KEGG MEDICUS for disease and drug information
The KEGG DRUG database is a chemical structure-based information resource for all prescription and OTC drugs in Japan including crude drugs and TCM formulas, as well as most prescription drugs in the USA and many prescription drugs from Europe. In addition to chemical structures (or chemical compositions for multi-component drugs) and therapeutic efficacy of about 9000 drugs (as of September 2009), different drug classification systems are maintained as part of the KEGG BRITE functional hierarchies. Some are based on the established classification systems to which KEGG DRUG entries are assigned, including the ATC (Anatomical Therapeutic Chemical) classification by WHO, therapeutic category of prescription drugs in Japan and classification of OTC drugs in Japan. There are additional classification systems developed by KEGG, including those for crude drugs and TCM formulas.

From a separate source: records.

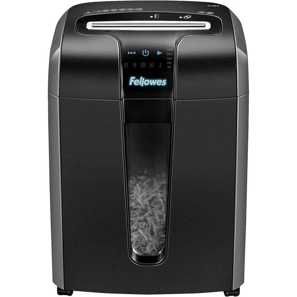 The Powershred 73Ci 100% Jam Proof Shredder features a 100% Jam Proof System that eliminates paper jams and powers through tough jobs. The patented Safe Sense Technology stops shredding when hands touch the paper opening. The Energy Savings System provides optimal energy efficiency 100% of the time -in use and out of use. The innovative touch screen technology features back-lit LEDs. The 73Ci shreds 12 sheets per pass into 5/32-Inch x 1-1/2-Inch cross-cut particles (Security Level 3). Shreds for up to 10 minutes before a 20 minute cool down period is needed. Features 6 gallon pull-out bin. 21.25-Inch x 15.5-Inch x 11.31-Inch. Includes 1 year product warranty and a 5 year cutter warranty. For 1 user.
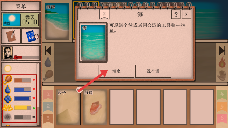 3、选择【潜水】,在海里获取鱼等资源,补充生存所需的食物和资源。
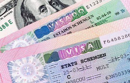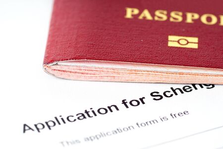 Close-up of clipboard with application for schengen visa document and passport with banknotes. Paper for applying to entry in european union. Travelling abroad concept
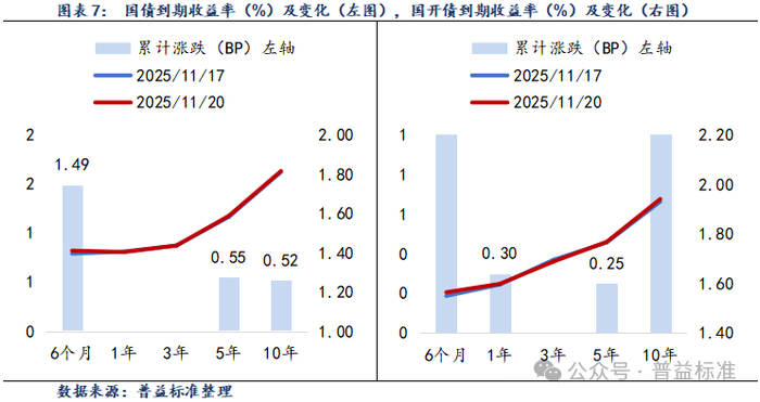 本周各期限利率債到期收益率[4]多數上升。從收益率曲線變化來看,本周6M、1Y、3Y、5Y、10Y國債到期收益率分別變動1.49BP、-0.23BP、-0.04BP、0.55BP、0.52BP;6M、1Y、3Y、5Y、10Y國開債到期收益率分別變動1.46BP、0.30BP、-0.71BP、0.25BP、1.04BP。從期限利差來看,國債10Y-1Y利差環比變動0.75BP,國開債10Y-1Y利差環比變動0.74BP。
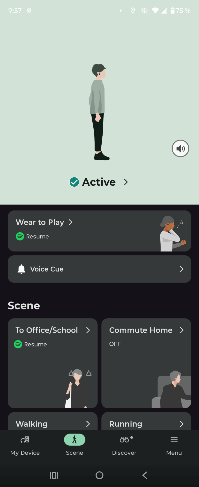 Samostatnou časťou aplikácie sú Scény. Tie umožňujú meniť režimy slúchadiel a prehrávať či pozastaviť hudbu zo Spotify alebo inej podporovanej aplikácie na základe vašej lokality.
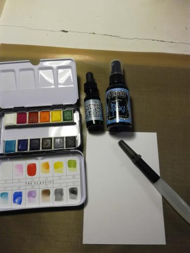 - Tästä alkoi kortintekoprosessi: Kartonkipala, vesiväriä, nestemäistä väriä ja vesisäiliösivellin
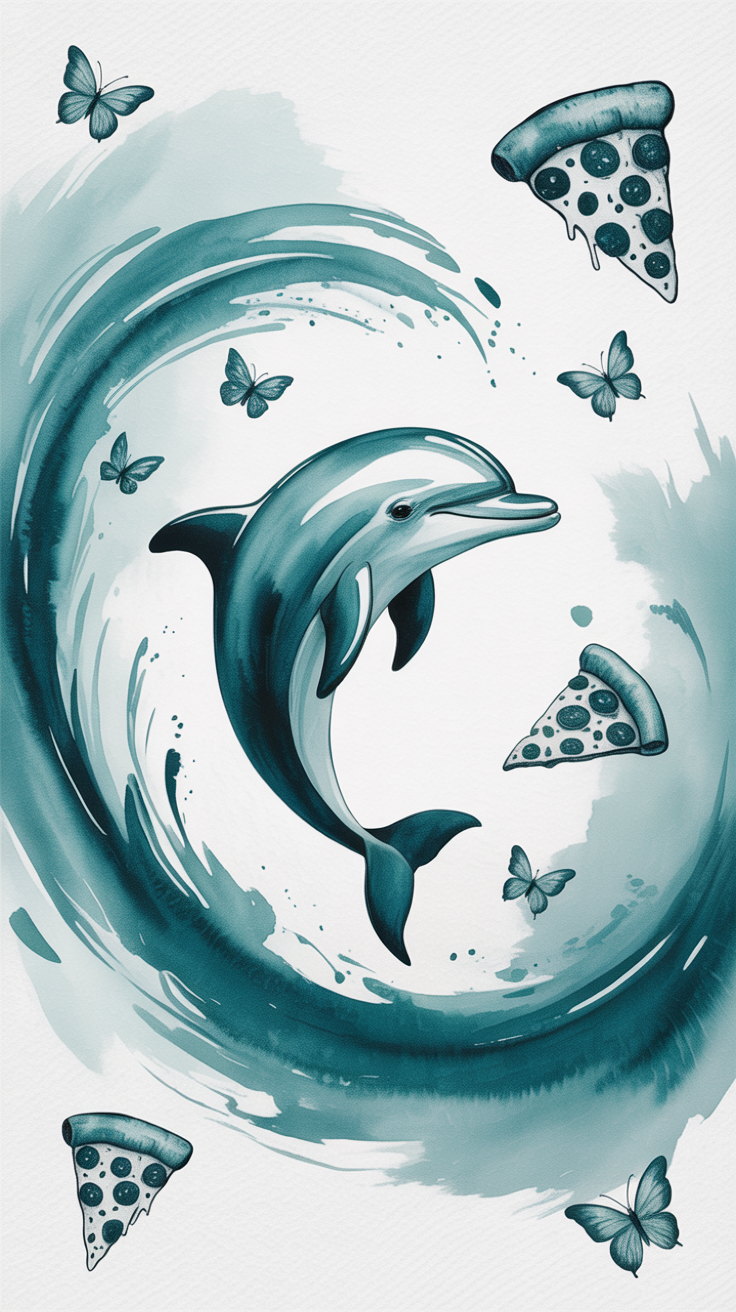 Discover a unique free phone wallpaper featuring a stylized dolphin surrounded by a swirling wave in calming shades of teal and white. This HD background blends natural elements like butterflies with playful objects including floating pepperoni pizza slices, giving your phone a whimsical and artistic vibe. Perfectly optimized for both iPhone and Android devices, this dark wallpaper adds a fresh and imaginative look to your lockscreen or home screen. Enjoy an eye-catching, smooth illustration that combines creativity with a serene aesthetic to elevate your phone’s appearance effortlessly.
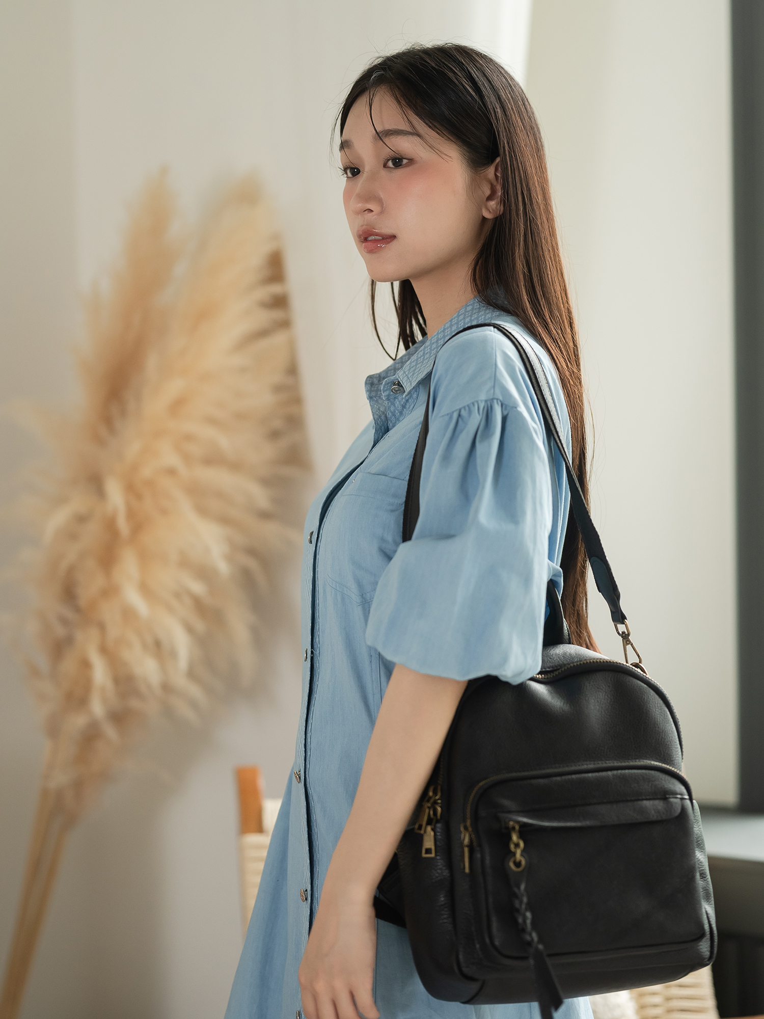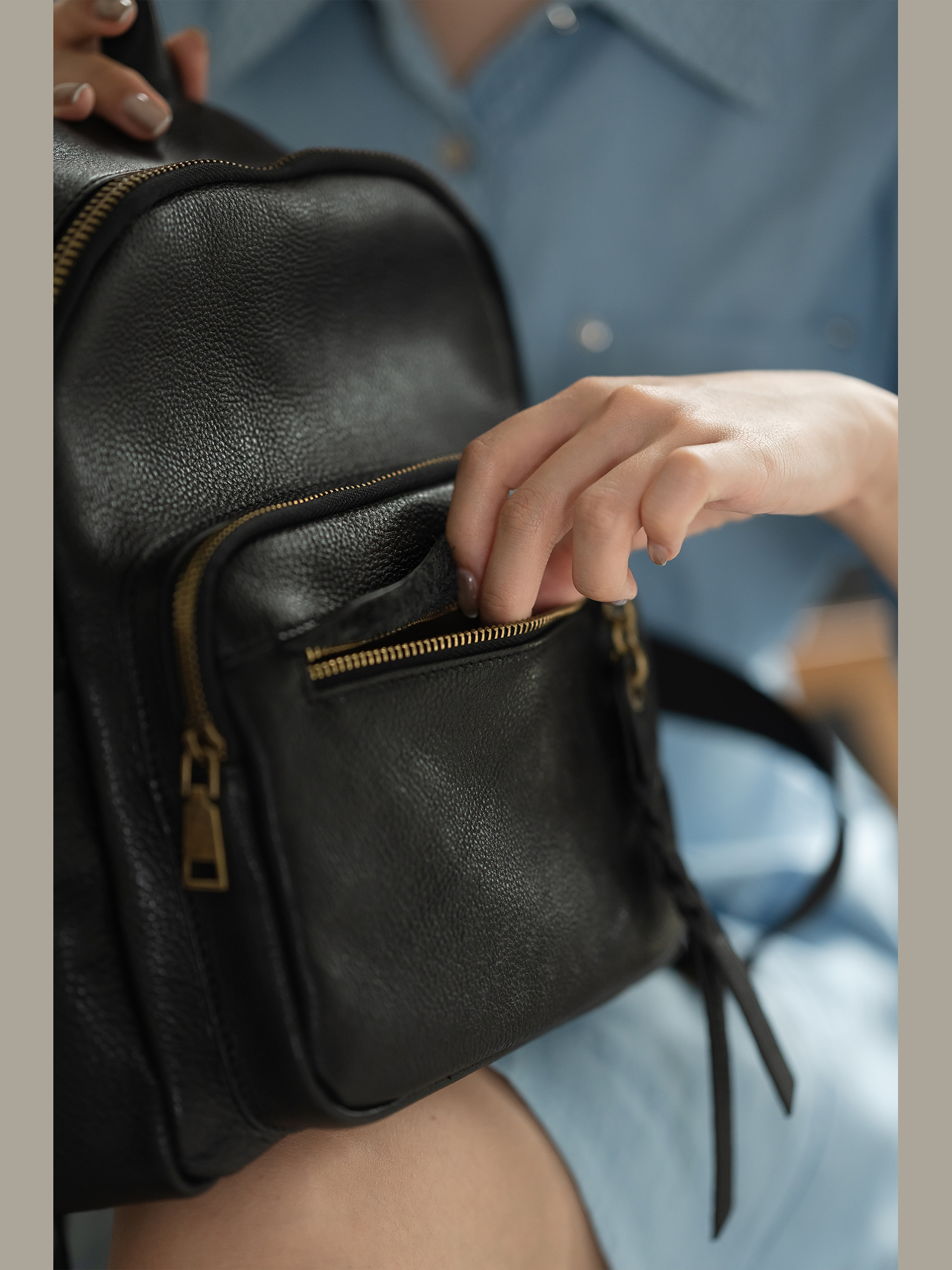 夾層:內部一主夾層 ( 含拉鍊袋口) 包前後都有拉鍊夾層
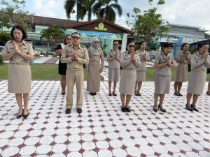 วันจันทร์ที่ 2 มีนาคม พ.ศ. 2569 เวลา 08.00 น. นายสุเทพ ธีรัชสกุล ผู้อำนวยการสำนักงานเขตพื้นที่การศึกษาประถมศึกษาระยอง เขต 1 มอบหมายให้ นางพนาพร ภูจอมจิตร รองผู้อำนวยการสำนักงานเขตพื้นที่การศึกษาประถมศึกษาระยอง เขต 1 นำข้าราชการและบุคลากรทางการศึกษาในสังกัด เข้าร่วมกิจกรรมเข้าแถวเคารพธงชาติและสวดมนต์ไหว้พระ ณ ลานกิจกรรมหน้าเสาธง สำนักงานเขตพื้นที่การศึกษาประถมศึกษาระยอง เขต 1
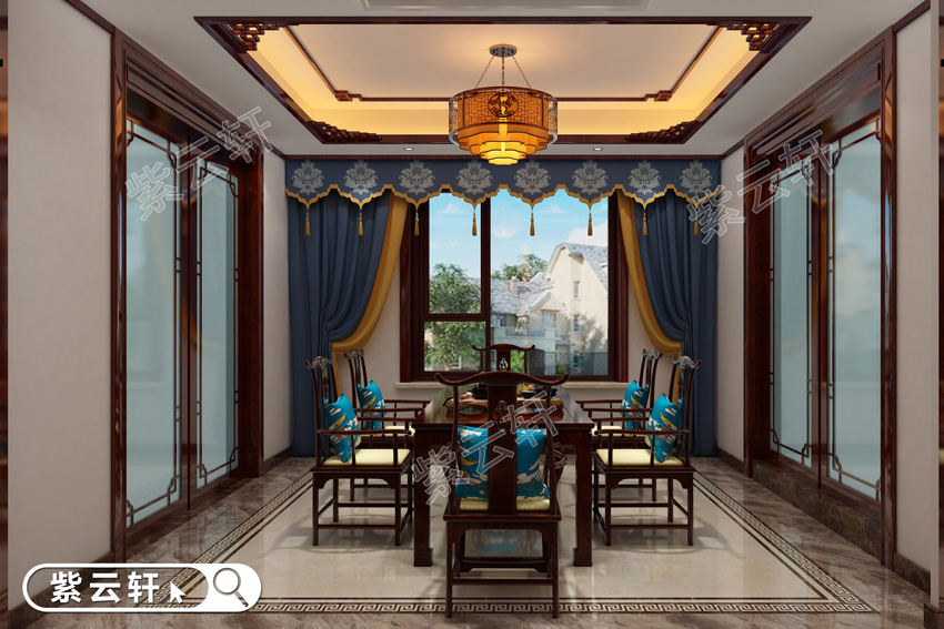 餐厅,华贵的座屏椅组合奠定了整体格调,在圆形仿古宫灯的衬映下更显温馨典雅,背景处一幅大篇幅描绘的山景图,将传统艺术体现的游刃有余,简洁的空间不需要过多的装饰,恰到好处的点缀才是最适合的。
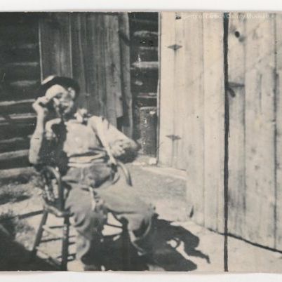 Update 2009: Black and white print. Photo of an elderly man sitting in a chair outside a log house in the sun, sleeping. He is resting his head on his right hand. He has on a cap. Man in casual dress.
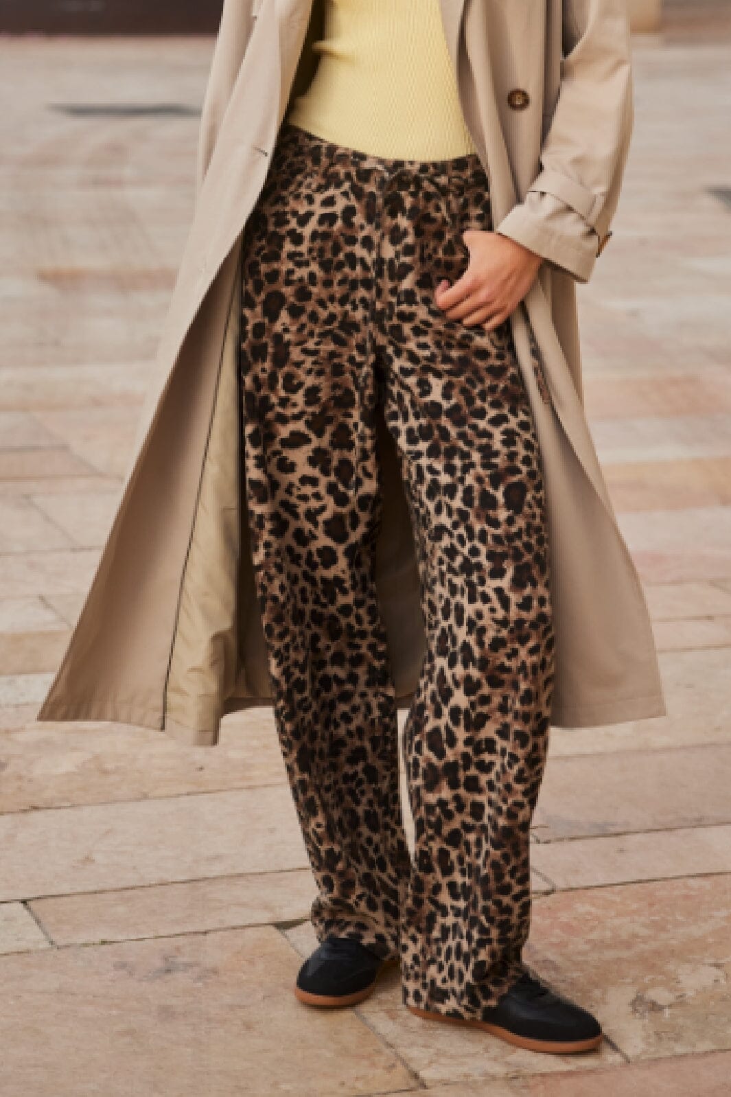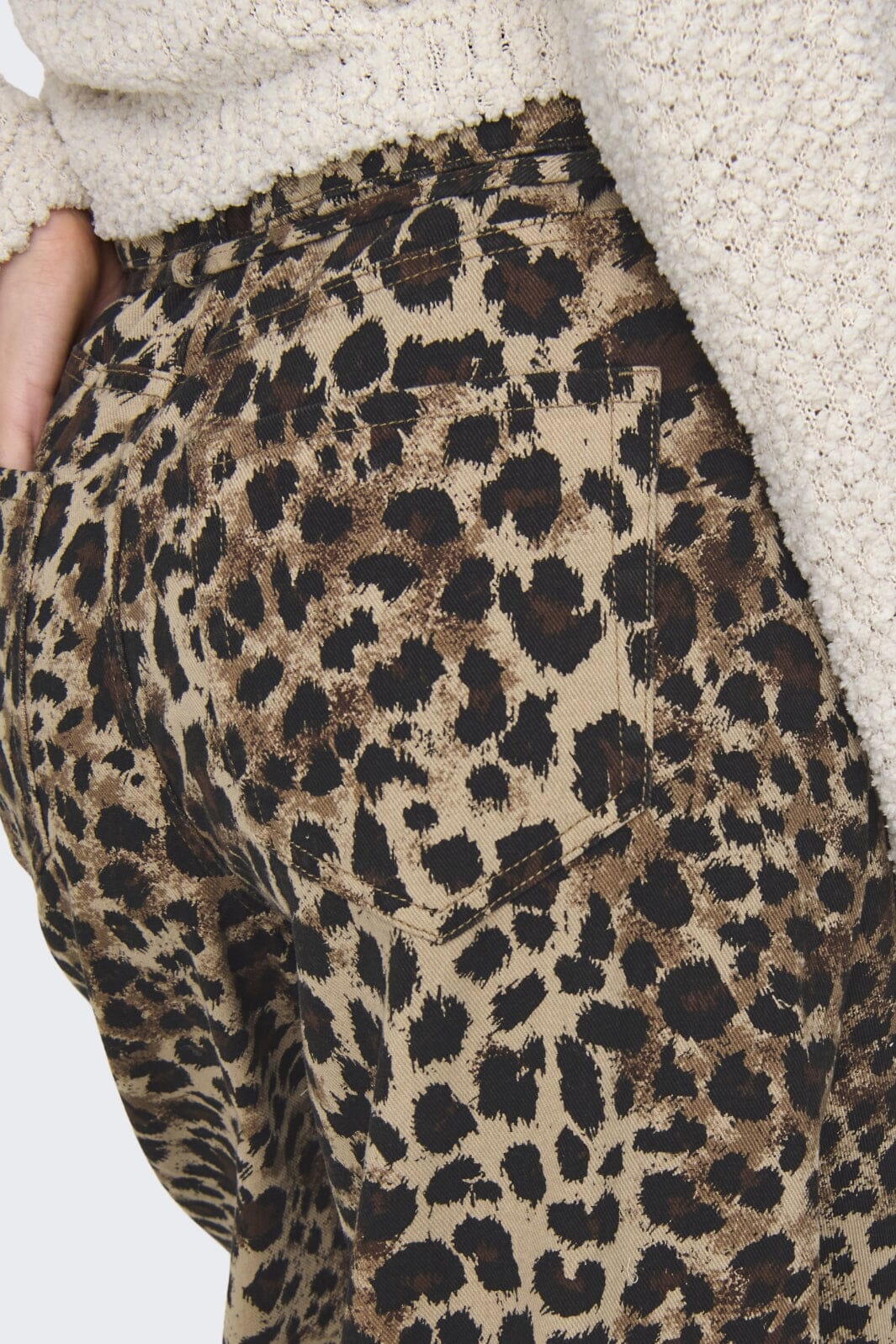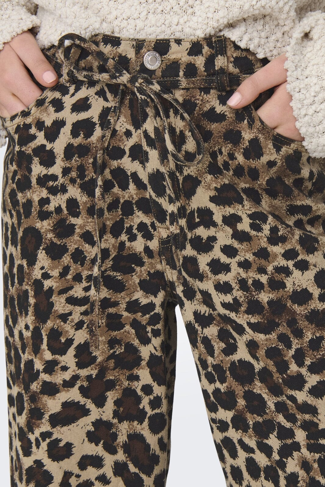 Pantalons de Only en beige avec imprimé léopard noir. La coupe droite et la ceinture fournie donnent aux pantalons une allure décontractée avec une bonne liberté de mouvement.
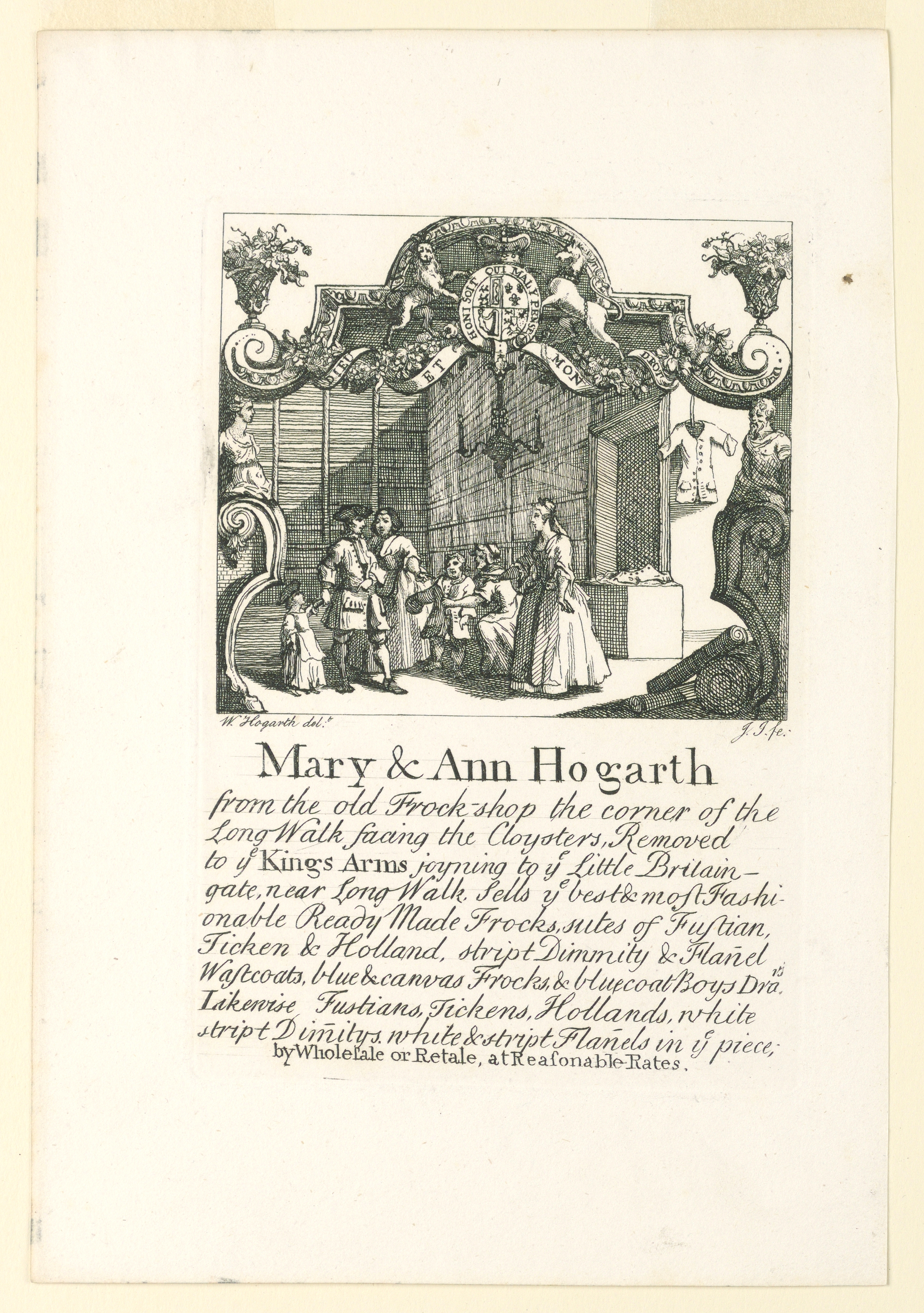 Below, inscription: "Mary & Ann Hogarth/from the old Frock-shop...at Reasonable-Rates"; inscribed, below, the picture: lower left, "W. Hogarth delt.; lower left: "J.I. fe:"
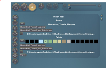 Once your two files are in the Documents/Humankind/Maps, launch the editor and click on the “Import button”. The import interface is divided in two:
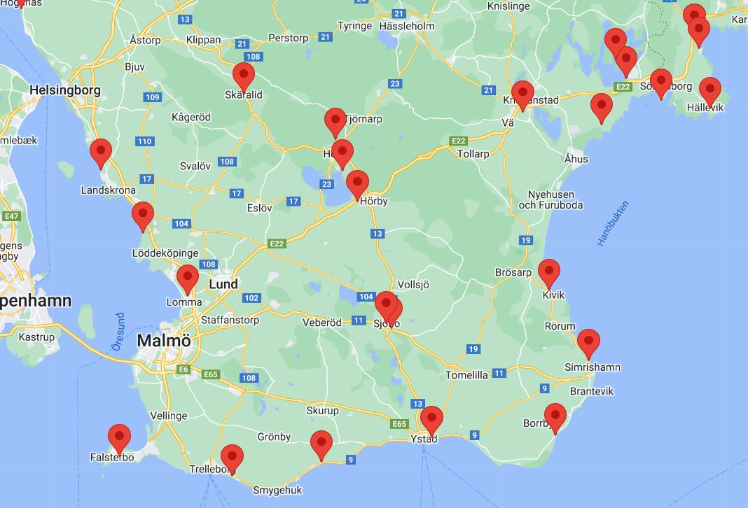 Karta, från camping.se, som visar samtliga campingar i Skåne. Använd Google, eller hemsidan för att interaktivt se namn och mer information om dem.

Furthermore, KEGG DRUG contains information about two types of molecular networks. The first network is a molecular interaction network representing interactions and/or relations with target molecules (often in the context of pathway maps), drug metabolizing enzymes, drug transporters and other drugs (especially those causing adverse effects). The second network is a network of chemical structure changes in small molecules, which includes series of chemical modifications introduced by medicinal chemists in the history of drug development (in the KEGG drug structure maps), secondary metabolic pathways for biosynthesis of druggable natural products and drug metabolism (both in the KEGG pathway maps). We have analyzed the chemical architecture of marketed drugs and the patterns of chemical structure transformations in the history of drug development (15
), in a similar spirit to the RDM patterns of chemical structure transformations in enzyme-catalyzed reactions. As illustrated in , the second network may be used to analyze the chemical architecture of natural products and the chemical architecture of marketed drugs towards drug discovery from the genomes of plants and microorganisms. Furthermore, the second network may have relevance in understanding drug metabolism and biodegradation of environmental substances by considering not only the human genome but also the metagenome of the human body.
KEGG accumulates knowledge about the networks of chemical structure transformations for linking genomes to chemical structures.